Bouncers
In another thread I mentioned bouncers, this lead me to remembering the Cavendish in Blackburn.
To get in you would enter a lift then walk a windowed passage to be able to enter the club. Near to the lift along this corridor were the toilets.
I had just taken advantage of these facilities and was walking back along the passage where to my right, was a young lady that had opened one of the windows and I thought was being sick out of it, I went over to see if she was O.K. (it turns out she was just shouting down to her friend below) a few pleasantries later and I was about to re-enter the concert room when one of the largest bouncers I had ever seen grabbed me by the scruff of the neck!

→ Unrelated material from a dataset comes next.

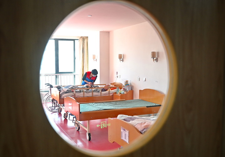 2021年11月25日,青鳥(niǎo)頤居(晉江)養老服務(wù)有限公司護理人員在晉江市社會(huì )福利中心為參保長(cháng)護險的老人服務(wù)。新華社記者 林善傳 攝
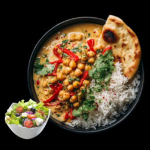 Delhi Channa Masala with Naan, Rice and Salad

'Your coming with me', he snarled, 'I'll not have you harassing the women'.
Even with the girl actually by my side and telling him there hadn't been a problem he was frogmarching me along the corridor, (he obviously hadn't thrown his quota of people down the emergency stairs and I was to be his next victim).

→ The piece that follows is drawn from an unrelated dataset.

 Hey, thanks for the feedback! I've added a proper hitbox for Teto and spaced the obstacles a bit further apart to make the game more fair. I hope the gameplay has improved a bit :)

Just as we got to the stairs my brother-in-law came out of the toilet and could see what was going on and came up behind the bouncer, as I have said the bouncer was massive my b-i-l however was a quiet spoken, gentle giant of an Irishman one of the nicest people you could ever meet, he made the bouncer seem like a dwarf.

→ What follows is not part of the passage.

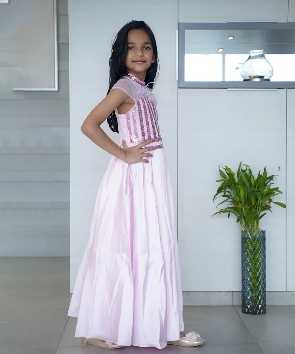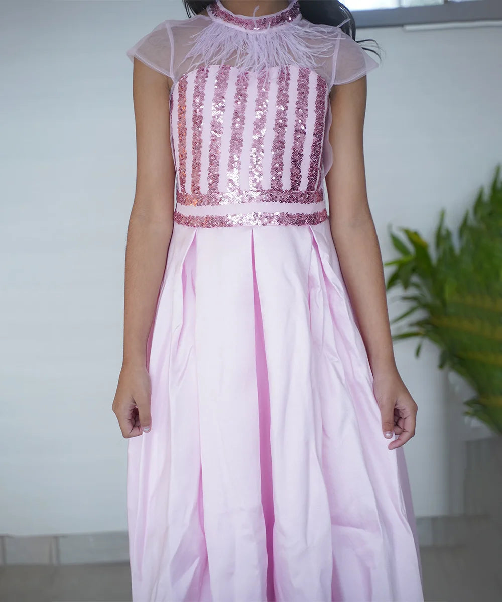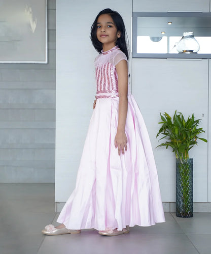 Elegant pink party wear gown for girls (ages 2–14 years), perfect for birthdays, weddings, and festive occasions in Jaipur, designed to make your child stand out at every celebration

'Well now Less, are you having a bit of a problem'?
The bouncer was about to tell him to go away in short jerky movements when he glanced over his shoulder to see Paddy, (yes that really was his name) towering over him, the bouncer literally shrivelled before my eyes, 'no Paddy, I don't think I am anymore, thank's'.
The bouncer actually brushed me down and straightened my tie before wishing us a 'good evening' and making a sharp exit down the stairs almost falling as he ran. we went back to enjoying the company of our wives and beer.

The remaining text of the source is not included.